• [WORK INSTRUCTIONS]:
Starting from the top of the entries below and ending with the line containing "彭羅斯1965年論文中的手繪", restate every line word for word, pictures omitted.
[Start of section]
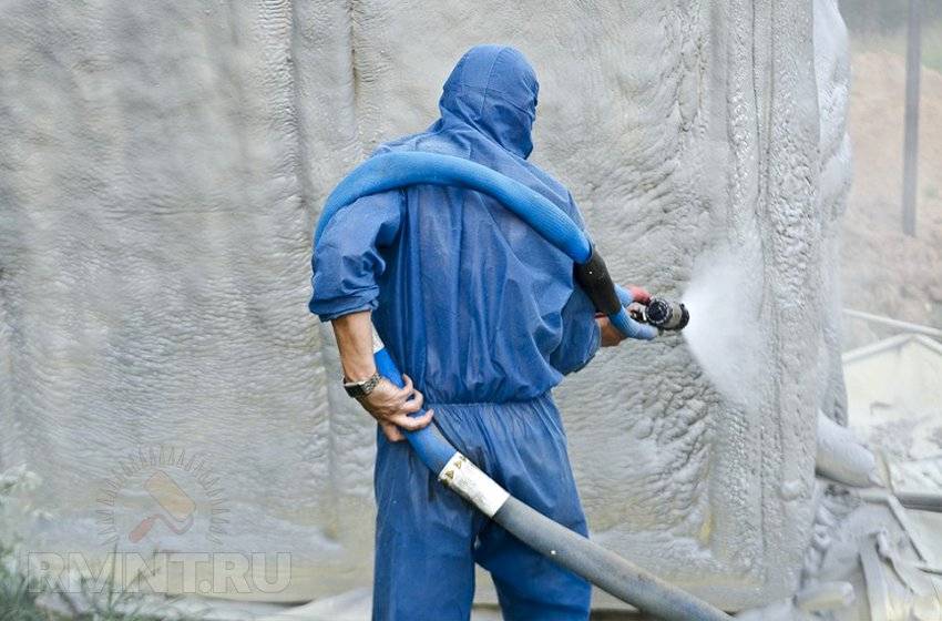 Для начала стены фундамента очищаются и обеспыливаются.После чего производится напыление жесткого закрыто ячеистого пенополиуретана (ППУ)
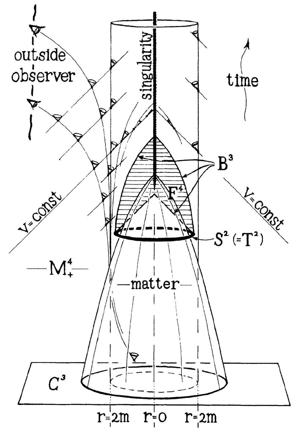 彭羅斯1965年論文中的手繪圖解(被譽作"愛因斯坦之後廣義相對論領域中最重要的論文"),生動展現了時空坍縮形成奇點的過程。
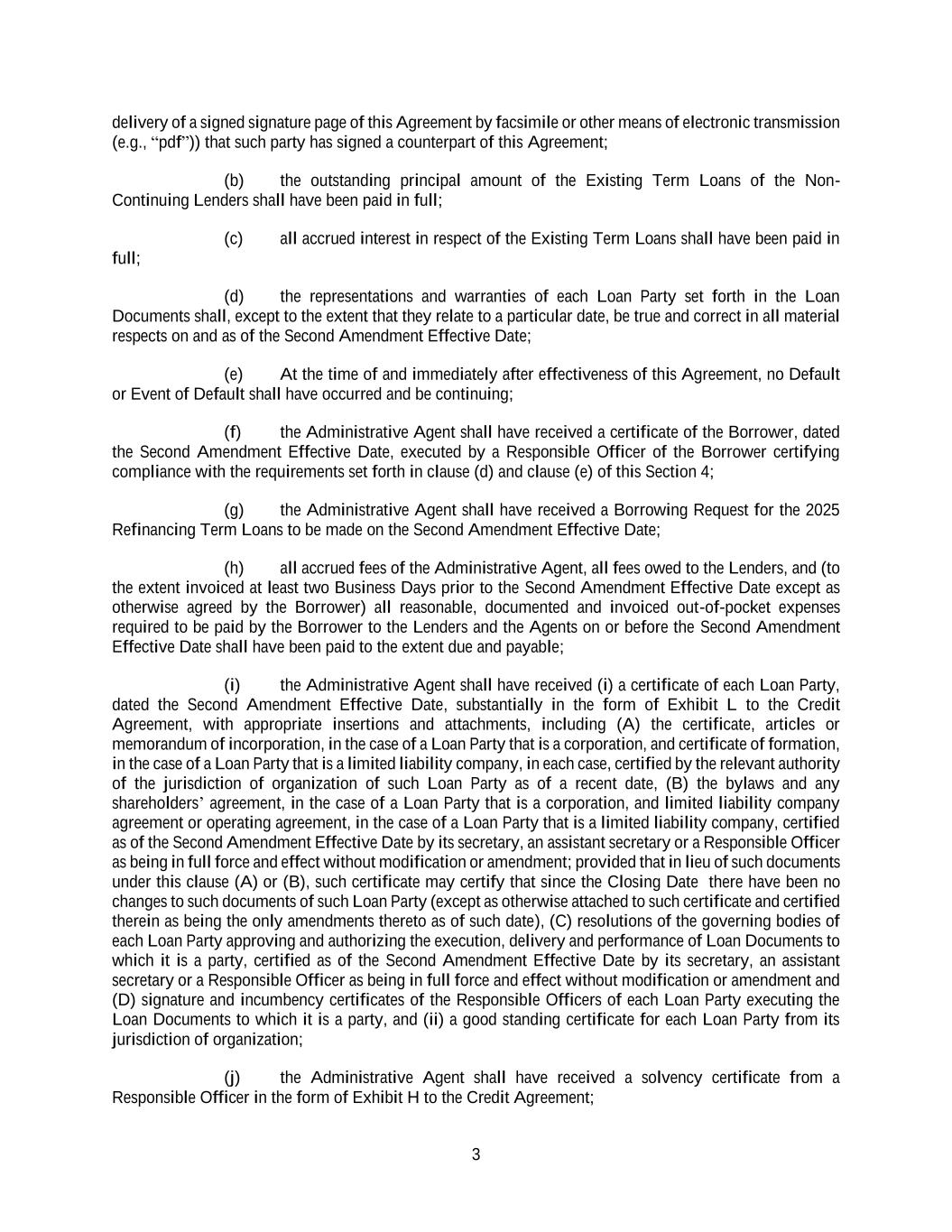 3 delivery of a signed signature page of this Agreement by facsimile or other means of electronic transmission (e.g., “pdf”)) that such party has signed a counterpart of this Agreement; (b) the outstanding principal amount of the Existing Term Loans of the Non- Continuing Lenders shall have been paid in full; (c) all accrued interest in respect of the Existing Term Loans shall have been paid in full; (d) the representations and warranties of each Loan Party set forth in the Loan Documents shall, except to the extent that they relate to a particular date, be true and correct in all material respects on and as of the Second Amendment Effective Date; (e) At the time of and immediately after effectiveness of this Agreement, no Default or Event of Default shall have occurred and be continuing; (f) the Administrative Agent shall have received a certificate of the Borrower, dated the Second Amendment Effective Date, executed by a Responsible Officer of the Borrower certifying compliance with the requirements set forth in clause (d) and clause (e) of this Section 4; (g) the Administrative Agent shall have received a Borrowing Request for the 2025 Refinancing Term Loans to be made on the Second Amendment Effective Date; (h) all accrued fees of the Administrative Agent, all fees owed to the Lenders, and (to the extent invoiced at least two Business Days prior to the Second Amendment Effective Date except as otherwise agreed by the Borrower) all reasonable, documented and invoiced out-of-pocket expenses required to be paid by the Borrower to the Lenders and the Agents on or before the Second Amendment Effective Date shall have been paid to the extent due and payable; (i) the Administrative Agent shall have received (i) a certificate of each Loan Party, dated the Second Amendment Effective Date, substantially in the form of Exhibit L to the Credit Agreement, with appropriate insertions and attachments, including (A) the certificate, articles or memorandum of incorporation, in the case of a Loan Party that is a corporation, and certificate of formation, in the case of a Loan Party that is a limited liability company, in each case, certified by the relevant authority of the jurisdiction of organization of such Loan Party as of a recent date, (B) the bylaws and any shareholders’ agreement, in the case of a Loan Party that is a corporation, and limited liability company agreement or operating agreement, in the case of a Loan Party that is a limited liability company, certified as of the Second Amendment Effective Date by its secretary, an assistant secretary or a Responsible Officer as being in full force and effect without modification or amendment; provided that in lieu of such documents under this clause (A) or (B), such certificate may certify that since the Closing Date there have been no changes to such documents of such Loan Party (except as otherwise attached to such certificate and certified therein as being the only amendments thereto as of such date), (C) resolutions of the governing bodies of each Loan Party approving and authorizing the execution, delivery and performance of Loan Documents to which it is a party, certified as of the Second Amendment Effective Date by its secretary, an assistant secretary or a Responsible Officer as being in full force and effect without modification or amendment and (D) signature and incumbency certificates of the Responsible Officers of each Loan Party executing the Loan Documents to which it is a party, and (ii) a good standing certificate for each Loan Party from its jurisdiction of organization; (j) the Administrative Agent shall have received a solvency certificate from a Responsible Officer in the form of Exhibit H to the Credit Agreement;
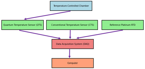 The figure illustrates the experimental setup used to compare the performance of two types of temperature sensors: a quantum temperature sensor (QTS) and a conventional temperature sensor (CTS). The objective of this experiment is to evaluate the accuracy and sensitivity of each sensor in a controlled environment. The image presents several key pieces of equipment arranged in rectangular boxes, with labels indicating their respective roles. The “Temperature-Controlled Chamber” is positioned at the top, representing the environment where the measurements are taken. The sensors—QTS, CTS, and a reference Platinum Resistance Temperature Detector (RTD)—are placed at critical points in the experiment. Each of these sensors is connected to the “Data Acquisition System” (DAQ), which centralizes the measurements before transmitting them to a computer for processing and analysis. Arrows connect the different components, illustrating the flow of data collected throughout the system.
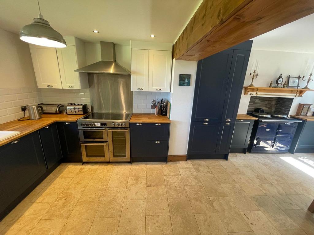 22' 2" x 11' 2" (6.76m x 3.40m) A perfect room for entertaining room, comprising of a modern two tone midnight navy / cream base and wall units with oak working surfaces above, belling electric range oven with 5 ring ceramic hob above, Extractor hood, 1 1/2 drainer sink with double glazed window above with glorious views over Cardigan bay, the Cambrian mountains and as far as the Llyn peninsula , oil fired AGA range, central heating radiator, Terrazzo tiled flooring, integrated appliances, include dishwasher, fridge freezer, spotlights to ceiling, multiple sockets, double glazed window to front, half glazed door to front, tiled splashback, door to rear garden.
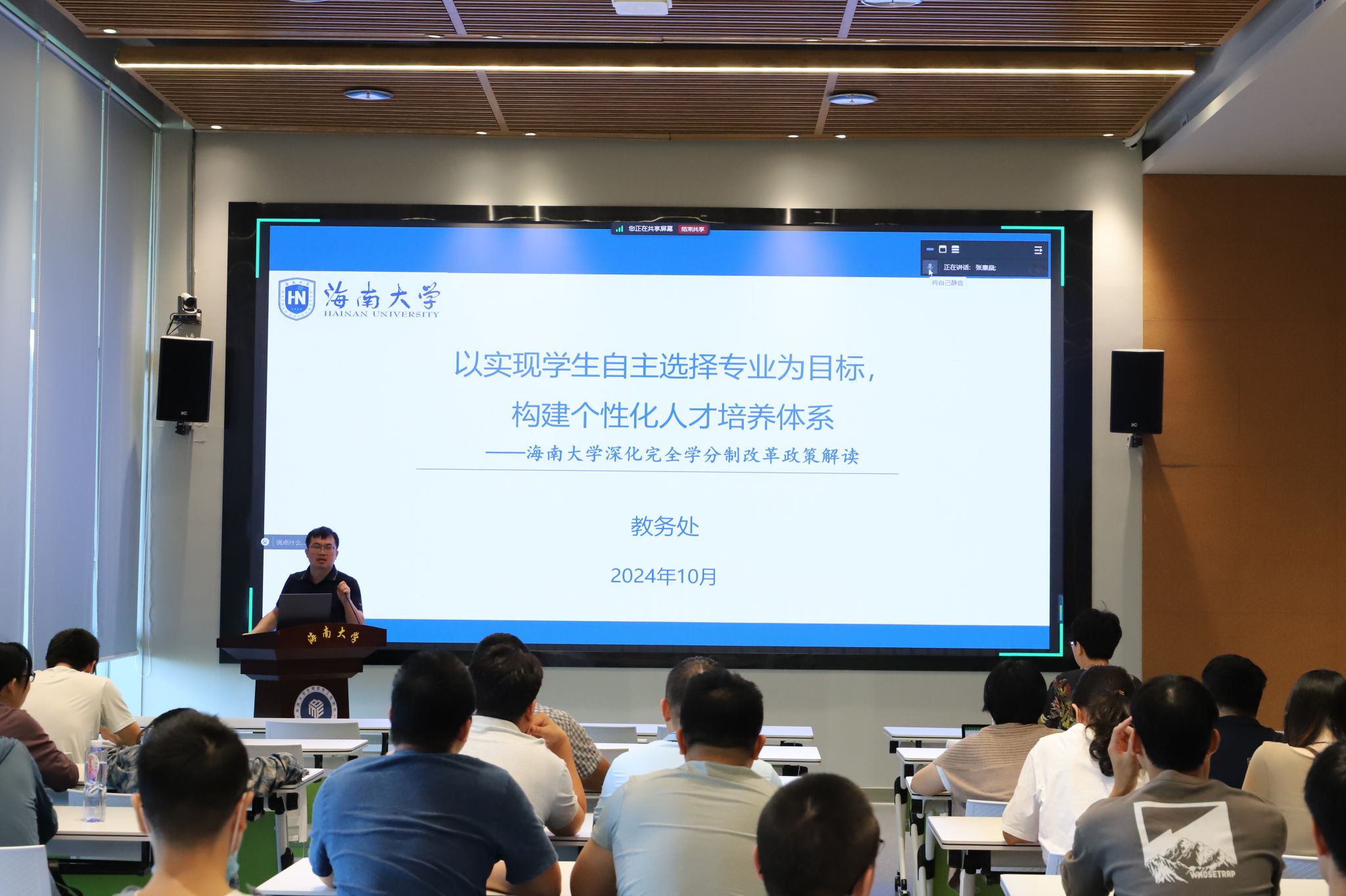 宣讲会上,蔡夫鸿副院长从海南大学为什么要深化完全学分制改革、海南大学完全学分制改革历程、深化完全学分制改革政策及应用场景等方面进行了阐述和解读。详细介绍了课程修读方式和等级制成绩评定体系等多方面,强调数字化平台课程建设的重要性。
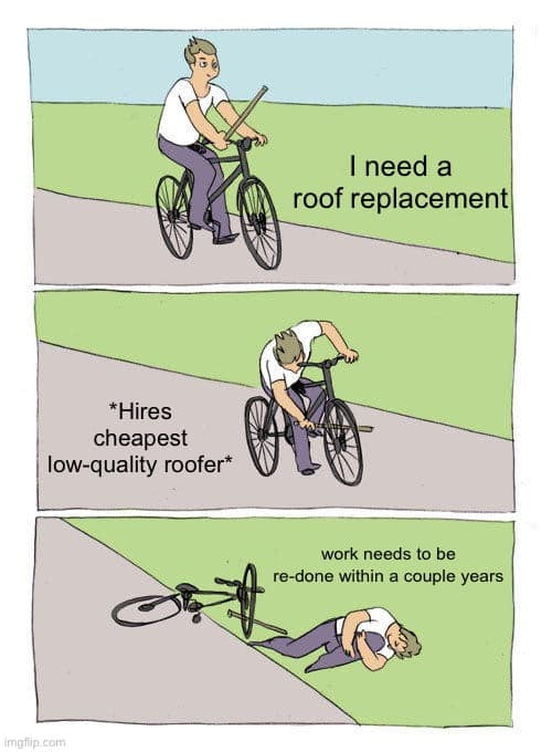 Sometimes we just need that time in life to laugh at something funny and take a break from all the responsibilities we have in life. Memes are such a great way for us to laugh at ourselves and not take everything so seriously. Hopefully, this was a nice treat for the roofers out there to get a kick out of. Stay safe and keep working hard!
[End of section]
• [EXERCISE OUTPUT]:
 Для начала стены фундамента очищаются и обеспыливаются.После чего производится напыление жесткого закрыто ячеистого пенополиуретана (ППУ)
 彭羅斯1965年論文中的手繪圖解(被譽作"愛因斯坦之後廣義相對論領域中最重要的論文"),生動展現了時空坍縮形成奇點的過程。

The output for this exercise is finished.